Герцогиня оставила после себя еще одно, куда более вульгарное напоминание, связанное с Потёмкиным. Вернувшись в 1779 году и пока еще сохраняя расположение Потёмкина и императрицы, она привезла с собой приятного молодого англичанина, который представился офицером, экспертом в военном деле и коммерции. «Майор» Джеймс Джордж Семпл действительно сражался в британской армии против американцев и в самом деле был специалистом в торговле – но торговле несколько особого рода. (В Британском музее висит его портрет, с которого на нас надменно глядит щеголь в высокой шляпе, белой блузе с оборками и военной форме – словом, при всех атрибутах настоящего шарлатана.) К тому времени, как Семпл прибыл в Россию, он уже был известен как «самозванец с севера и король жуликов». Несколько лет спустя о нем будет написана книга «Северный герой – удивительные приключения, любовные интриги, хитроумные планы, непревзойденное лицемерие, невероятные избавления, ужасные обманы, тайные замыслы и зверские деяния». Семпл был женат на кузине герцогини, и как раз в то время, когда Кингстон планировала свою вторую поездку в Россию, он угодил в тюрьму в Кале за долги. Она внесла за него залог и пригласила отправиться с нею в Петербург. Похоже, что преступник соблазнил «герцоговитую графиню» [4].
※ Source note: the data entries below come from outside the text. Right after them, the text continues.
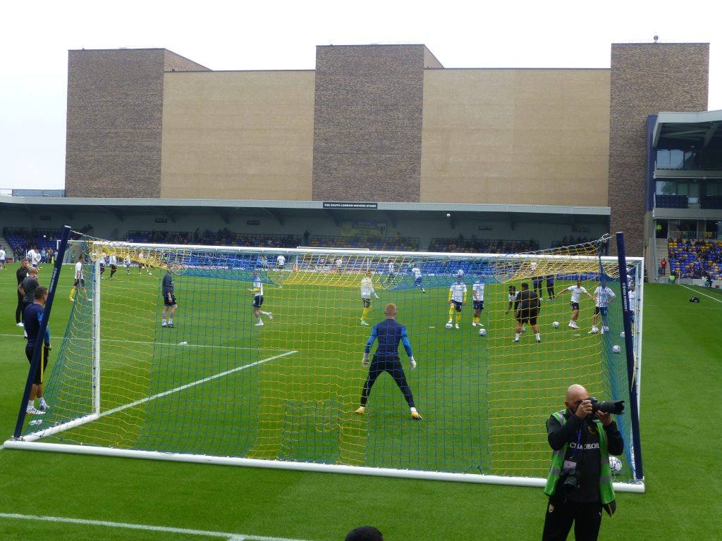 There’s no doubt it is a massive improvement on Kingston but I thought it quite disappointing. Even though it holds over 9k it looked rather small. Five rows from the front it was difficult to appreciate what was happening at the other end of the pitch. The seats we were sat in were screwed on to a metal structure that I am led to believe is just temporary and the huge windowless wall behind the home end is bland to say the least.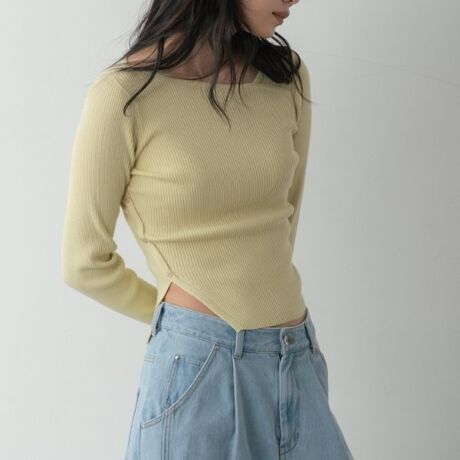 モダンな印象を与えるリブ素材のトップス。
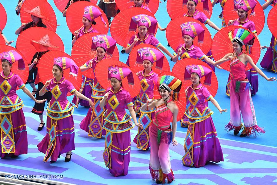 GUANGXI, diciembre 10, 2018 (Xinhua) -- Bailarines participan en una gran reunión para conmemorar el 60 aniversario de la fundación de la Región Autónoma Zhuang de Guangxi, en Nanning, capital de Guangxi, en el sur de China, el 10 de diciembre de 2018. (Xinhua/Shen Hong)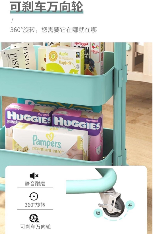 it also features Crafted from robust 19mm carbon steel for superior strength, stability, and long-lasting performance, Each tier supports substantial weight, making it ideal for professional, industrial, or commercial use, Deep mesh-design baskets feature a netted base for secure placement, improved ventilation, and reduced dust buildup, Equipped with 360° swivel casters for effortless mobility; two wheels feature lock mechanisms for stability when stationary, Easy-to-grip frame and optimal height for convenient loading and unloading in daily operations and Perfect for workshops, offices, salons, kitchens, medical facilities, or warehouse storage needs.

Потёмкин был очарован. Он всегда восхищался подлинным безрассудством, а Семпл, как любой мошенник, наживался на своих лживых рассказах. Когда Потёмкин только делал первые шаги на государственной службе и впервые имел дело с европейцами, он был не слишком избирателен в своих иностранных знакомствах, но всегда предпочитал обаятельных торгашей скучным аристократам. Самозванец с севера и король жуликов присоединился к разномастному англо-французскому сборищу при потёмкинском дворе. Среди этой компании был ирландский солдат удачи по имени Ньютон, который впоследствии угодит под нож гильотины во время революции; был там и шевалье Вомаль де Фаж, французский священник-расстрига, в сопровождении своей любовницы [5], а также загадочный француз-авантюрист, которого звали шевалье де ля Тессоньер – он помогал Корберону отстаивать интересы Франции [6]. Очень жаль, что величайший искатель приключений той эпохи, образованный и остроумный Казанова приезжал в Россию слишком рано, чтобы застать Потёмкина: наверняка они пришлись бы друг другу по душе.
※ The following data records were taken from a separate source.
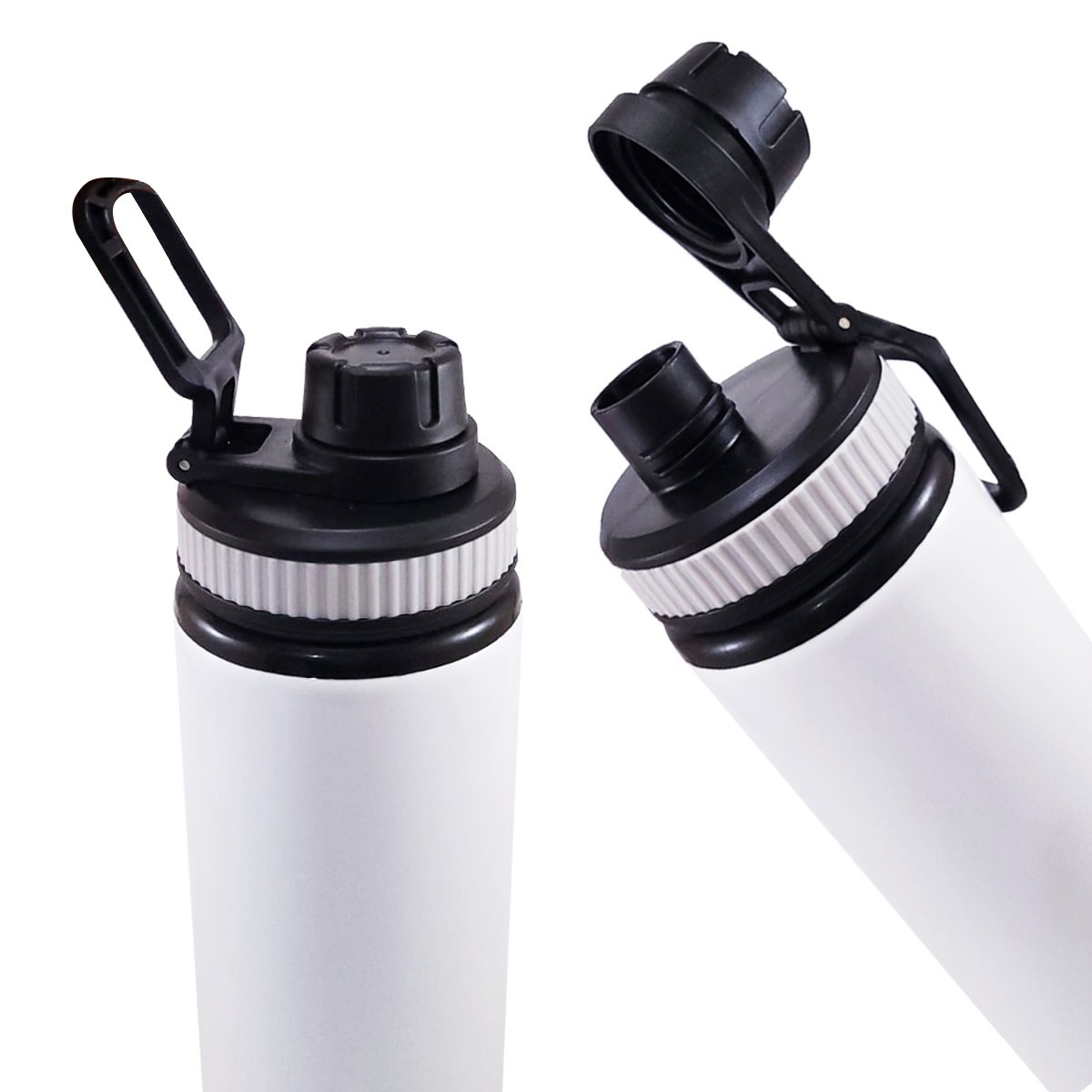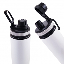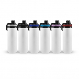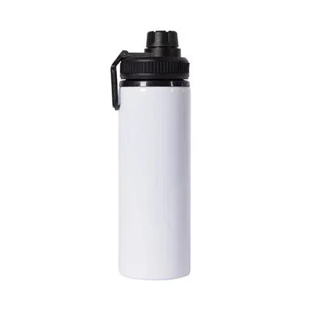Garrafa de alumínio com capacidade para 750ml, tampa com abertura rosqueável e acesso direto ao bico. Personalização nas duas faces. Medidas aproximadas: Altura: 24cm | Largura: 7cm | Peso: 160g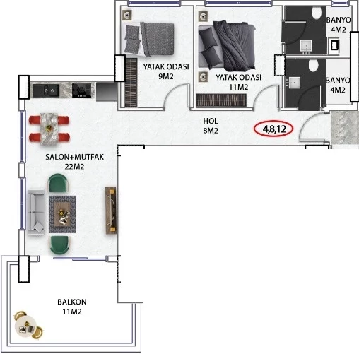 Продається квартира в Аланья. Площа, м: 76, кімнат: 2+1, ціна: 178 000 євро. (ID 482)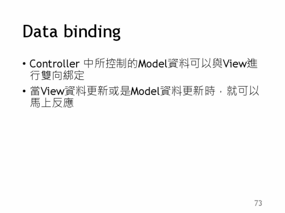 • Controller 中所控制的Model資料可以與View進 行雙向綁定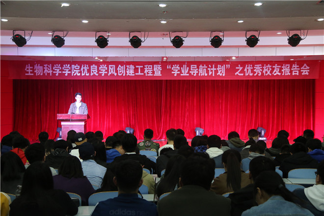 | 4月19日晚,生物科学学院在日照校区一楼多功能厅举办优良学风创建工程暨“学业导航计划”系列活动之优秀校友报告会。生物科学学院师生近300人参加活动。 本次报告会由中国海洋大学李娜、青岛大学陈夏添和山东师范大学刘怡然3名在读研究生重回母校分享成长经验。报告会上,他们分别讲述和分享了自己在母校学习情况和读研学校基本情况及学习体会,从当前生物专业发展前景、就业考研形势、大学生活规划等多个角度,引导同学们正确做人、做事、做学问。报告会现场反响热烈,同学们踊跃提问,就考研学校选择、专业学习等方面的问题进行了深入交流。副院长关晶代表生物科学学院对校友们回校表示热烈欢迎和诚挚感谢,希望校友们以后继续加强与母院的联系,加强交流,助力师弟师妹们成长成才。 此次活动是生物科学学院“学业导航计划”系列活动之一,通过邀请优秀校友回校现身说法,引导同学们明确学习目标、激发学习热情、树立远大抱负,切实有效推进优良学风创建工程。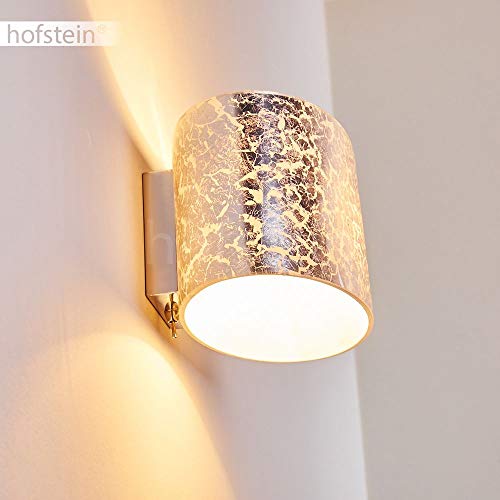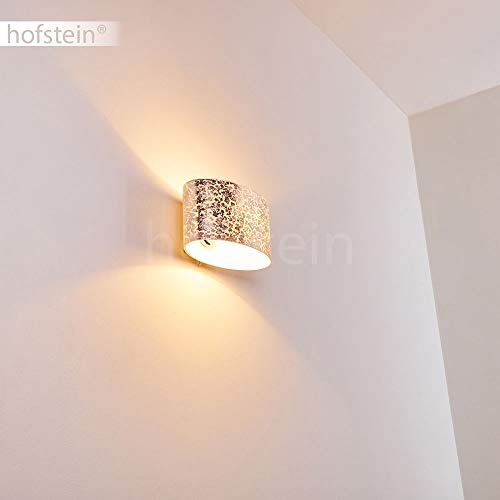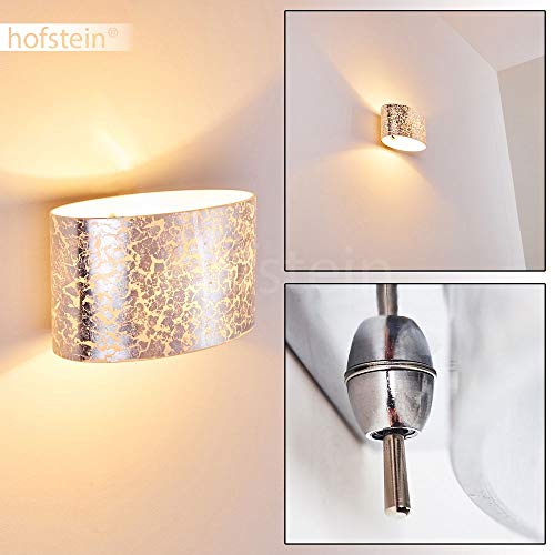 Hofstein Lampada da parete Rapar in vetro di colore Argento strutturato - Applique murale per interni con forma ovale - Luce effetto doppio Up Down - Interruttore di accensione presente sulla lampada

Иностранная свита Потёмкина представляла собой гротескную миниатюрную копию дипломатического мира. Светлейший князь уделял много времени военным вопросам и делам южных губерний, но при этом начал интересоваться сферой, за которую отвечал Никита Панин, – внешней политикой. В письме мужу, написанном вскоре после того, как закончился роман Потёмкина и Екатерины, графиня Румянцева проницательно заметила: «…горячность уже прошла, та, которая была, и он совсем другую жизнь ведет; вечера у себя в карты не играет, а всегда там прослуживает… Вы бы его не узнали…» [7]
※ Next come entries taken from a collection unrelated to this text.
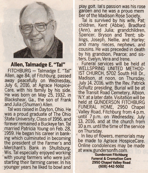 Allen, Talmadge E. “Tal” Obit Cemetery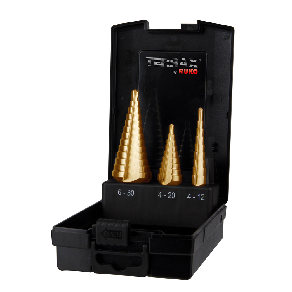 3-teiliger Stufenbohrersatz in ABS Kunststoffkassette für das Bohren von Löcher in Kunststoff, Aluminium, Messing und Stahl bis 4,0mm Materialstärke. Inhalt: je ein Stufenbohrer 4-12 mm, 4-20 mm und 6-30 mm Bohrbereich. Alle Bohrer in hochwertiger HSS-TiN Ausführung.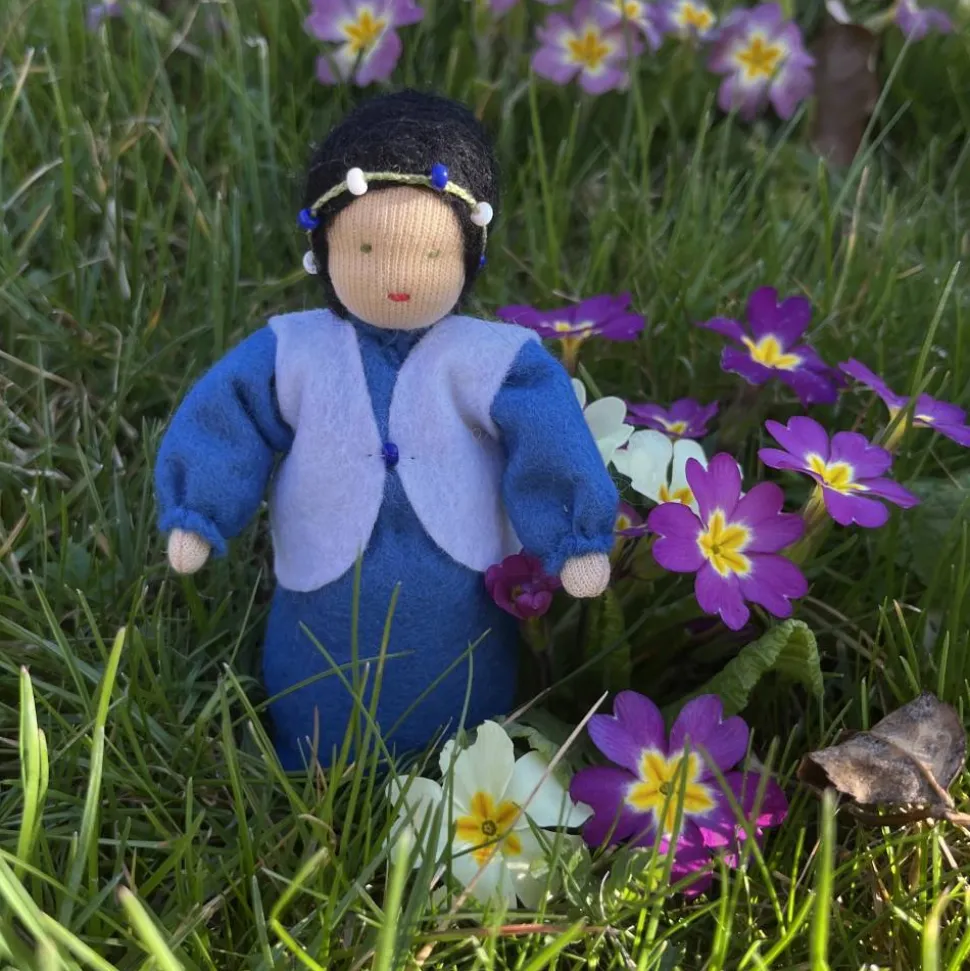 Das Püppchen ist unten geschlossen und für einen guten Stand unten mit feinem Dekokies und der Rest mit reiner Schurwolle gefüllt.

Князь был новичком в дипломатии, но по тем временам его познаний и навыков вполне хватало для того, чтобы заниматься международными делами. Дипломатический мир XVIII века часто описывают как элегантное балетное представление, где каждый танцор знает свою роль в мельчайших подробностях. Но это иллюзия: если танцевальные па были известны заранее, то к концу века музыка стала совершенно непредсказуемой. «Старый порядок» сменился при «Дипломатической революции» 1756 года. Руководящим принципом дипломатии стала бесчеловечная «государственная необходимость». Все зависело от мощи государства, определяемой количеством населения, размером территорий и армии. Баланс сил поддерживался непреходящей военной угрозой и на деле представлял собой спор за право на экспансию сильных государств в ущерб интересам слабых; зачастую это означало, что за успехи одной страны должны были заплатить другие страны, в чем смогли убедиться поляки в 1772 году.

Послами обычно становились образованные аристократы, которые действовали в интересах своей короны и в зависимости от удаленности их родной державы обладали той или иной степенью независимости. Их инициативы иногда не имели ничего общего с государственным курсом: мирные договоры порой подписывали дипломаты, не признаваемые собственным правительством. Из этого следовало, что политические дела развивались медленно и трудоемко, пока гонцы несли вести туда и обратно по слякоти разбитых дорог, стараясь не столкнуться с разбойниками и ночуя на постоялых дворах, полных тараканов и крыс. Дипломатам нравилось, чтобы их считали аристократами-любителями искусства: например, для британских и французских послов в Париже и Лондоне было обычным делом меняться слугами и особняками. В XVIII веке министерства иностранных дел были совсем невелики: в 1780-е годы в британском штате, к примеру, состояло всего двадцать человек.

Дипломатия считалась прерогативой монархов. Иногда они следовали своим тайным замыслам, которые противоречили позиции их правительства: так, из-за неудачной антироссийской политики Людовика XV в делах Польши, получившей название «le Secret», Франция утратила последние крупицы своего влияния в Варшаве. Послы и солдаты служили не государству, а королю. Как видно на примере потёмкинской свиты, это был век космополитизма – иностранцы могли претендовать на должность при любом дворе, особенно в дипломатической и военной сферах. Наше убеждение, что человек может служить лишь своей родине, тогдашнему обществу показалось бы недалеким и ограниченным.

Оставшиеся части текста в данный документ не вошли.